I always start out with a sense of direction, i.e. a beginning and an end, but I allow myself the freedom to wander off track. In my current WIP, I wrote a plan at the beginning, rewrote it at 30,000 words, and again at 75,000 words. Part of the joy of writing is letting your characters shape the plot, but they can't take over until they're already fully formed as people, well into the writing.

Geoffrey, you work in a time consuming job by day. When do you write? How long did the book take?

Saxon's Bane took 2 years from first pen-to-paper to being accepted by an agent, including several re-writes. I write best in the mornings, fuelled by lots of coffee, and become more and more easily distracted with each hour. By the afternoon I'm better off researching, and in the evening I like to be entertained by someone else's book, preferably with a glass of wine to hand!

I am curious about writers' inspiration and if direction changes mid-novel. Did it change much from your original vision? How easy or difficult was your research?

I research as I write, reading widely around a concept - in this case Saxon England - then home in to detailed research around elements that are crucial to the plot. Saxon's Bane's beginning and ending, and its underlying concept, did not change much during writing, but I had one idea in mid-stream that took the body of the book in a new direction. I was researching Anglo-Saxon runes and I came across the verse in the epic poem Hรกvamรกl, where the god Odin says I can carve and colour the runes / So that [a dead] man can walk and talk with me. That gave me a very useful idea.

I suspect that you are an avid reader, Geoffrey, so do reveal your recent favourite books. What books do you enjoy reading? Do you have a few favourites?

I'm reading Alan Garner at the moment, although I only discovered him when my publisher (Solaris) compared our writing. That was immensely flattering. Ditto Robert Holdstock. As a child I devoured J R R Tolkien, but I can't point to other authors who influenced me. It would have been easier to position the book if I had; the spectrum from Garner and Holdstock to Kate Mosse is pretty broad.

The big question is where do you go from here. Saxon's Bane was published earlier this summer and it is already very successful. What is your next book? Is there one in progress?

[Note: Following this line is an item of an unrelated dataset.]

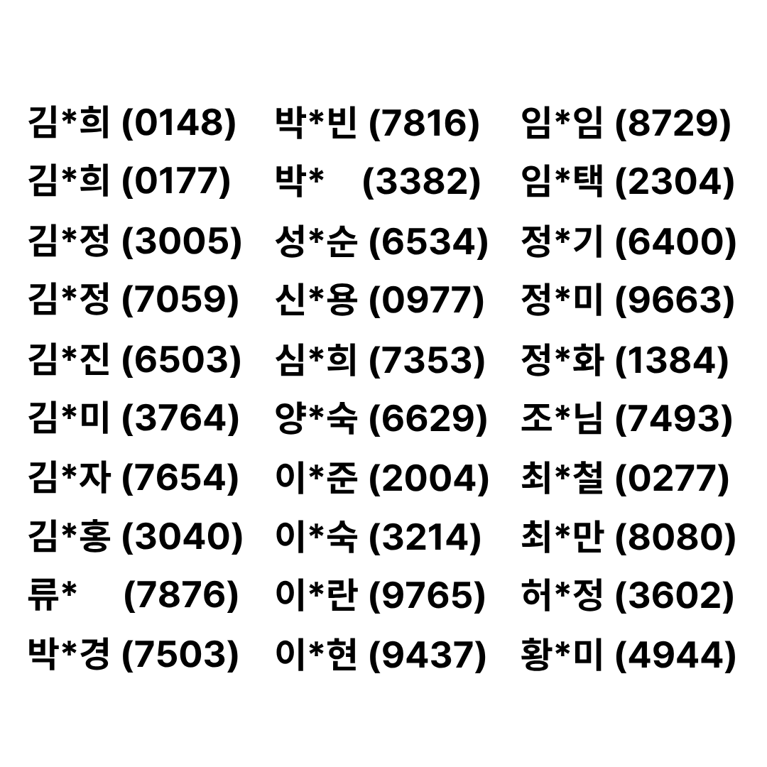 ※ 선정자 명단은 가나다순이며, 개인정보 보호를 위해 일부 정보만 공개합니다.

I'm about 3/4 through another time-slip thriller with a supernatural twist, which again weaves together stories from two eras. It's set on a crumbling country estate which has been in the same family for nearly 700 years; in the 14th century the founder of the dynasty makes a terrible oath to a dying holy woman. In the 21st century his descendants have forgotten the oath, but it seems the oath has not forgotten them... I'm at the exciting phase of bringing it all home to a satisfying conclusion. Sometimes you have to write a lot of words before you find out what's really going to work.
Thank you for this very engaging and informative interview, Geoffrey. I am really looking forward to reading your next novel which I have no doubt will be as wonderful a reading experience as Saxon's Bane has been. Hurry up and finish writing it please. I am hooked already! And good luck too!

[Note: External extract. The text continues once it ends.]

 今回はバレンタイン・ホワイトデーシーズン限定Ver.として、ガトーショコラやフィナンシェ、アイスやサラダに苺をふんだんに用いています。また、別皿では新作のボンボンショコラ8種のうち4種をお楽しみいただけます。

  1. Well done, Carol! As someone who has never read Gudgion, this is a great introduction to his work.

    1. He is delightful and I hope he goes from strength to strength as he deserves success.

  2. Great Interview Carol. And boy is this Geoffrey a very handsome man! Good luck Geoffrey with your work. Of course its all about the book!!!

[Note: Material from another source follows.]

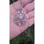 Moonstone sits at the heart of the piece - serene and calm. Above it, labradorite flashes electric blue when the light hits it.

  3. All thanks to Geoffrey. I am looking forward to his next as I like edgy time slip novels.

  4. An enlightening interview. I enjoyed it very much. Definitely a book that I shall be reading.

    1. I hope you enjoy it. He is an excellent writer. Suspenseful.

  5. A really interesting interview, Carol and Geoffrey.

    Having met you in person at the HNS Conference, 2012, Geoffrey, and having just read this interview, I can't wait to read Saxon's Bane.


  6. Great interview Carol...and anyone who quotes the "All-Father" is fine by me! Another definite addition for the "to read" list.

  7. A very intelligent debut novel. You too Rob are entered for the draw. Will pull out of the hat on Sunday. You could win a signed copy!